Mrs Grace Edwards1, Mr Matthew Halpin1
1Sydney Local Health District, Australia
Biography:
Grace Edwards is the End-of-Life Care Coordinator at SLHD, with extensive experience in acute care, clinical education, and service development. She leads initiatives to improve compassionate, culturally responsive care, advance care planning, and consumer engagement. Grace is currently involved in research on Kennedy Terminal Ulcers, Not-for-Resuscitation policy reviews, and evaluating the quality of end-of-life care in acute settings. She has presented on calciphylaxis, JMO ACP education initiatives and quality end of life care in the acute care setting. Grace is passionate about improving death literacy across consumers and clinicians, building workforce capability and embedding public health approaches into palliative care.
Abstract:
Background:
Despite death being a universal human experience, it remains a taboo topic in many communities causing widespread discomfort and avoidance of conversations about dying.
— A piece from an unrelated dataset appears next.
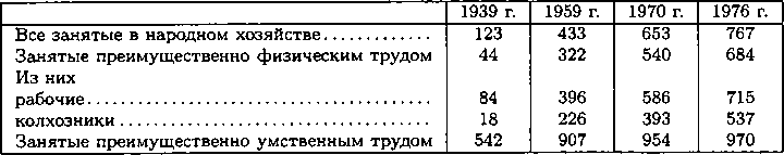 Развитие народного образования привело к резкому повышению образователь-Изменения в уровне образования работников физического и умственного труда (на 1000 человек имеют высшее и среднее [полное и неполное] образование) за период с 1939 по 1976 г*

This lack of awareness can lead to missed opportunities for ACP, reduced autonomy in decision-making, and increased distress for patients and families. Cultural norms, fear, and societal silence around death perpetuate stigma, making it difficult for individuals to engage in meaningful discussions about their values, preferences, and care needs at the end of life. Improving death literacy is essential to fostering compassionate, person-centered care and empowering communities to approach dying with openness and dignity.
Aims:
To engage with local councils and community groups to promote ACP, awareness of end-of-life options and encourage community members to discuss their wishes and values with loved ones. To normalize conversations around death and dying increasing death literacy amongst consumers.
Methods:
The local health district collaborated with numerous local councils to run several events to address advance care planning, funeral planning, wills, caring for carers, death cafes and interactive panel discussions with local palliative and end of life care healthcare professionals.
Results:
Partnering with local councils led to improved engagement with consumers and communities. Feedback for the events was positive providing clear guidance that establishing ongoing regular consumer events plays an integral role in improving death literacy, reducing the stigma and encouraging compassionate communities.
Conclusions:
Health Services are uniquely positioned to lead community engagement in death and dying conversations. Partnerships with local councils, community groups and consumer voices can extend the reach of palliative and end-of-life care education, reduce stigma and promote informed decision-making. By engaging with consumers, we can better assess the needs of the community, ensuring that the care provided is person-centered, culturally appropriate, and aligned with the values and preferences of those at the end of life.